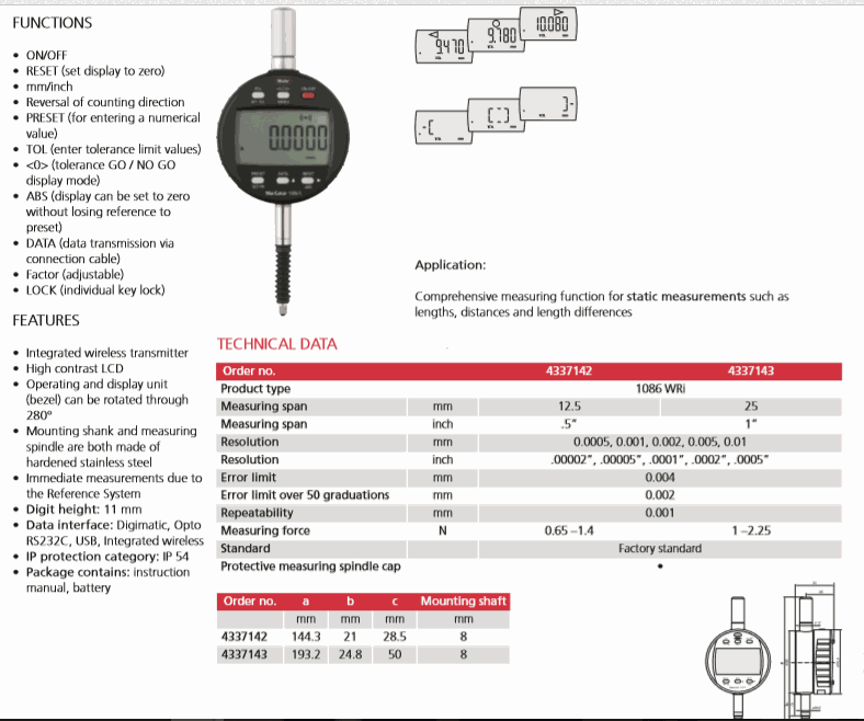 Resolution: 0.0005, 0.001, 0.002, 0.005, 0.01mm/.00002”, .00005”, .0001”, .0002”, .0005”
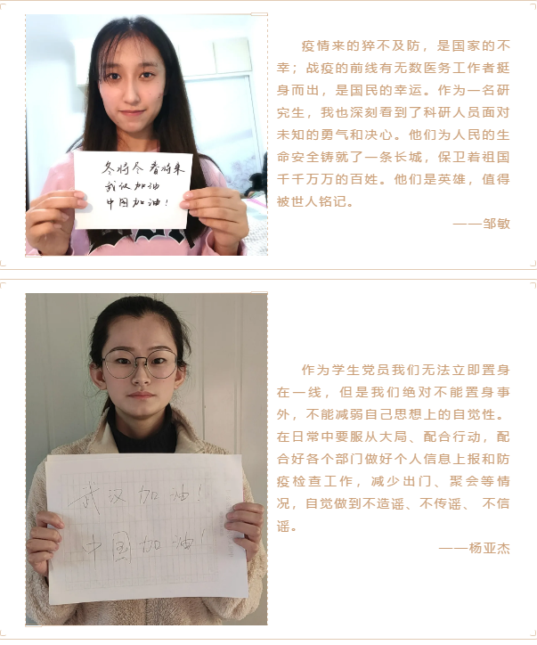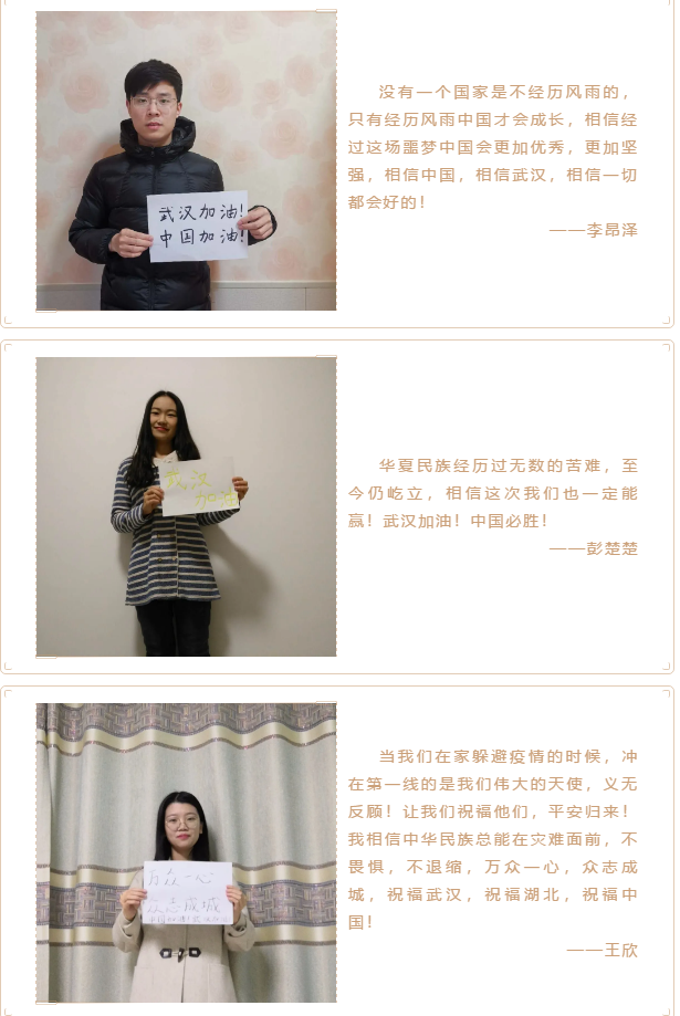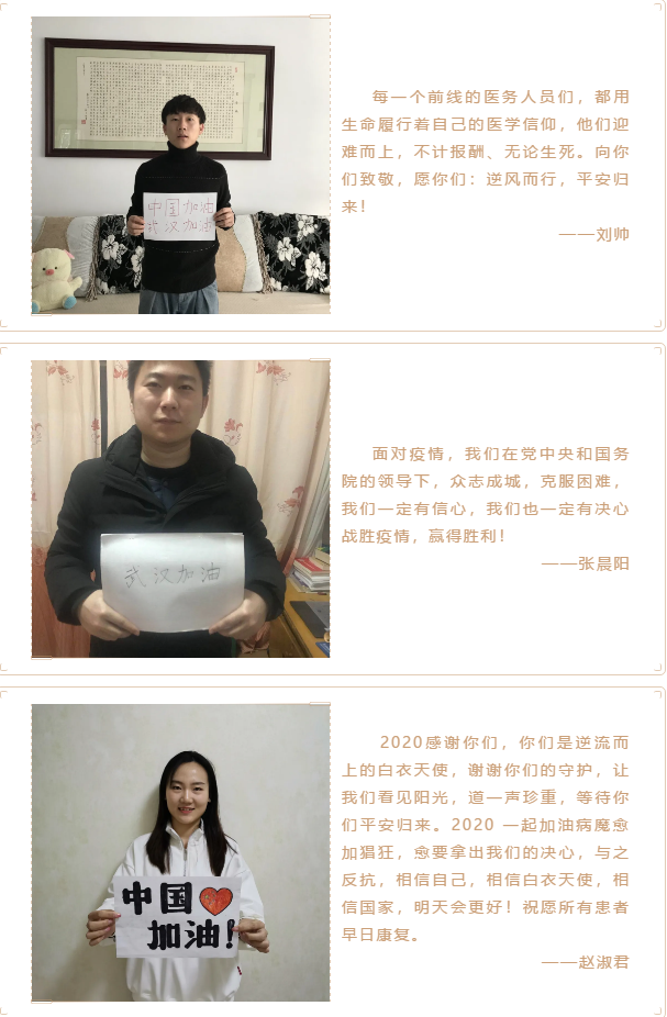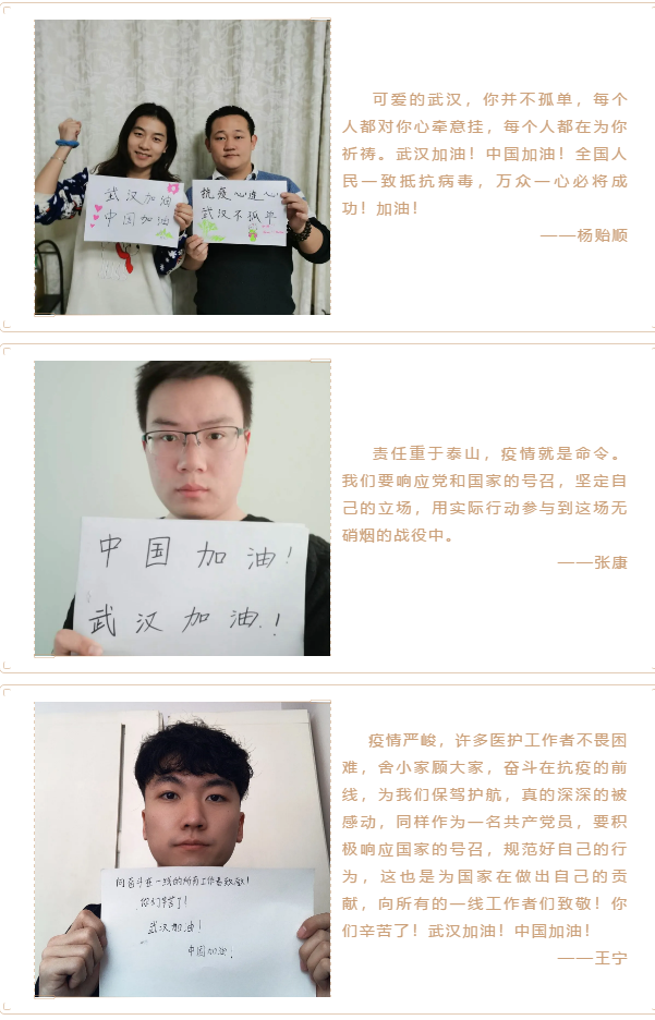 向一线抗击疫情工作人员表达敬意,坚定必胜信心,太阳集团城娱87222017级硕士团支部开展了“众志成城 中国加油”主题团日活动,向疫区一线工作人员送上祝福。
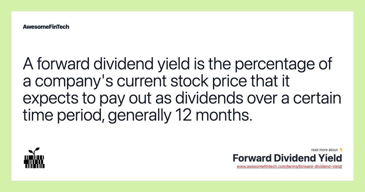 A forward dividend yield is an estimation of a year's dividend expressed as a percentage of the current stock price. The year's projected dividend is measured by taking a stock's most recent actual dividend payment and annualizing it. The forward dividend yield is calculated by dividing a year's worth of future dividend payments by a stock's current share price.
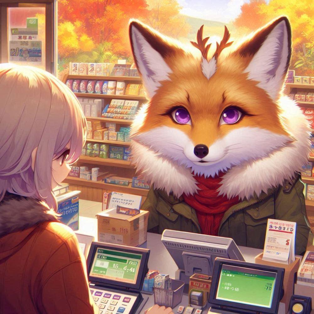 アクリル、コンビニでジト目チベットスナギツネ
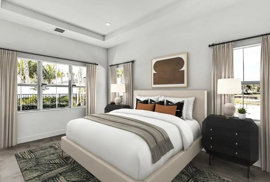 Welcome to your brand-new Maya floorplan in the gated, amenity-rich Regency at Avenir community of Palm Beach Gardens!This newly built single-story residence offers 3 bedrooms, 2.5 bathrooms, and approx. 2,372 sq ft of living space -- ideal for those seeking low-maintenance, single-level living with modern finishes.Step inside to an inviting foyer and open-concept living area with tile flooring throughout and abundant natural light. The home features a spacious kitchen with built-in gas range and oven, ample cabinetry, a pantry, and a seamless kitchen-dining-to-great room flow -- perfect for everyday living or entertaining. The primary suite offers generous proportions and comfort, complemented by two additional bedrooms and a convenient half-bath for guests. Outside, enjoy the Flo
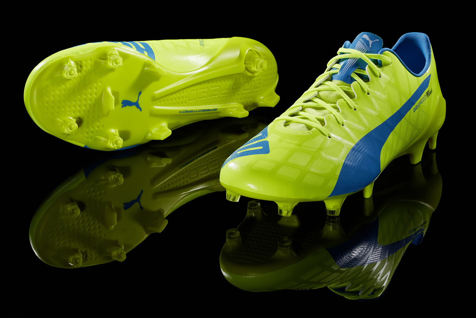 Herzogenaurach, Germany (26 December 2015) – PUMA today launches the evoSPEED SL-S, the new super lightweight football boot with a synthetic upper that offers extra durability for everyday use. PUMA players Sergio Agüero, Marco Reus, Antoine Griezmann and Marco Verratti will wear the new evoSPEED SL-S in the vibrant safety yellow and atomic blue colourway.
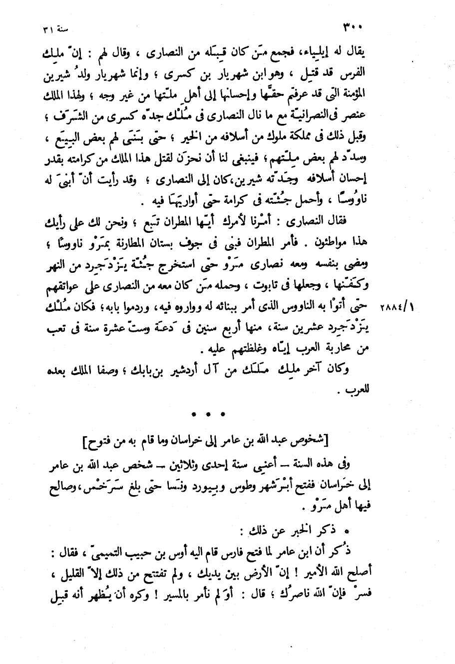 وفي هَذِهِ السنة- أعني سنة إحدى وثلاثين- شخص عَبْد اللَّهِ بن عَامِر إِلَى خُرَاسَان ففتح ابرشهر وطوس وبيورد ونسا حَتَّى بلغ سرخس، وصالح فِيهَا أهل مرو.
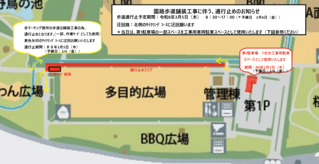 園路舗装工事に伴い、管理棟北側歩行者用園路の一部が、下記の日程で通行止めになります。
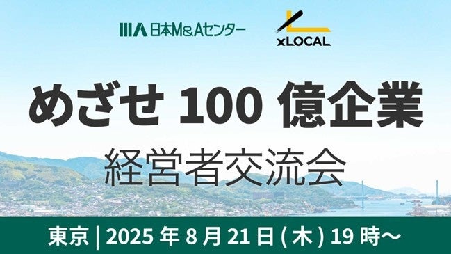 株式会社日本M&Aセンターホールディングス(本社:東京都千代田区 / 代表取締役社長:三宅 卓)の連結子会社である株式会社日本M&Aセンター(以下、日本M&Aセンター / 本社:東京都千代田区 / 代表取締役社長:竹内 直樹)は、株式会社XLOCAL(クロスローカル / 本社:山形県鶴岡市 / 代表取締役:坂本 大典)と共催で、第1回「めざせ100億企業 経営者交流会」を8月21日(木)19時より開催いたします。
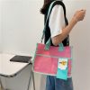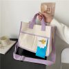 Young Street Canvas Shopper Tote Large Shopping Handbags Orange/Pink Panelled Letter Student Crossbody/Shoulder Bags For Women
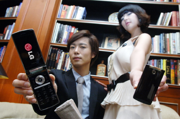 | <LG전자 모델들이 성공한 비즈니스맨을 위해 디자인 및 기능이 특화된 'LG-KU4000'제품을 선보이고 있다.> | ||
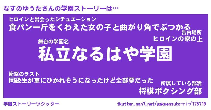 | ヒーロー風カッコイイあだ名 | 『スーパーナスノユウタ』『銀牙騎士ナス』 |
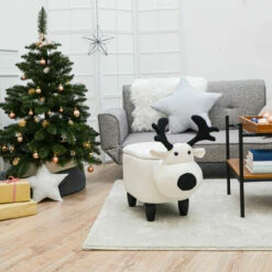 DUNEDESIGN Tabouret Renne Avec Rangement – 57x31x55 Pouf De Forme Animale Chaise Enfant – Beige
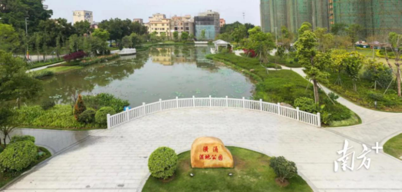 漫步在潢涌村充满岭南水乡特色的湿地公园,只见一片又一片荷叶铺满了整个池塘,新修的小径被绿荫遮住阳光,所触所感都是绿色,让人好不惬意。不远处还有一所新建的公厕,整个公园环境优雅、设施齐备。
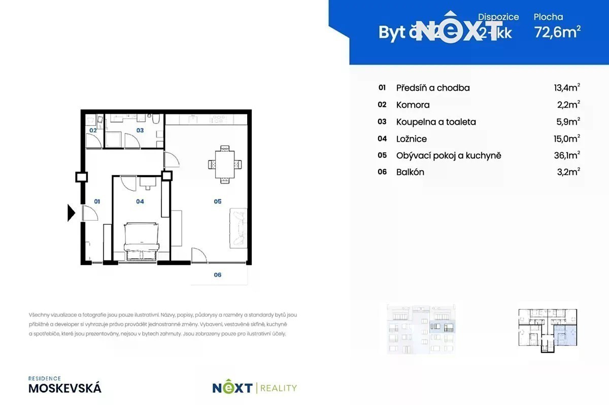 Výjimečné bydlení v samém srdci Karlových Varů - Rezidence Moskevská. Světlý a elegantní byt o dispozici 2+kk a podlahové ploše 72,6 m² se nachází ve 3. nadzemním podlaží prestižní novostavby. Tato rezidence patří k velmi žádaným projektům v centru města a spojuje moderní architekturu s praktickým komfortem. Byt vyniká svou promyšlenou dispozicí, která zajišťuje maximální využití prostoru a pocit vzdušnosti. Velká okna přinášejí do interiéru dostatek denního světla, což ještě umocňuje atmosféru otevřeného a příjemného bydlení. Moderní kuchyňská linka je součástí vybavení, takže byt je připraven k okamžitému nastěhování. Rezidence Moskevská je synonymem pro pohodlí městského života. V bezprostřední blízkosti naleznete obchody, kavárny, restaurace i lázeňskou promenádu, přičemž klidné prostředí samotného domu poskytuje příjemné zázemí pro každodenní život i odpočinek. Obyvatelům je k dispozici výtah, bezbariérový vstup a možnost vlastního parkovacího stání ve vnitrobloku. Tento byt představuje ideální volbu jak pro vlastní bydlení, tak i jako výhodnou investici s nízkými provozními náklady. Nechte se oslovit kombinací exkluzivní lokality, moderního designu a pohodlí rezidenčního bydlení. V Rezidenci Moskevská jsou aktuálně k dispozici už jen poslední dvě bytové jednotky - nenechte si ujít tuto jedinečnou příležitost. Byt je v osobním vlastnictví a v případě zájmu lze financovat úvěrem přes naše hypoteční centrum. Pouze u nás vám zajistíme moderní financování až na 35 let, bez ohledu na věk a prokazování příjmů, či nutnosti předkládat daňové přiznání (u podnikatelů). Zeptejte se nás a bydlete chytře! Pro komunikaci uvádějte evidenční číslo zakázky N111254.

[WORK ORDER] Without the pictures, write out the lines from the beginning of the entries through the line with "向一线抗击疫情工作人员表达敬".

[REPLY TO THE EXERCISE]
 Resolution: 0.0005, 0.001, 0.002, 0.005, 0.01mm/.00002”, .00005”, .0001”, .0002”, .0005”
 向一线抗击疫情工作人员表达敬意,坚定必胜信心,太阳集团城娱87222017级硕士团支部开展了“众志成城 中国加油”主题团日活动,向疫区一线工作人员送上祝福。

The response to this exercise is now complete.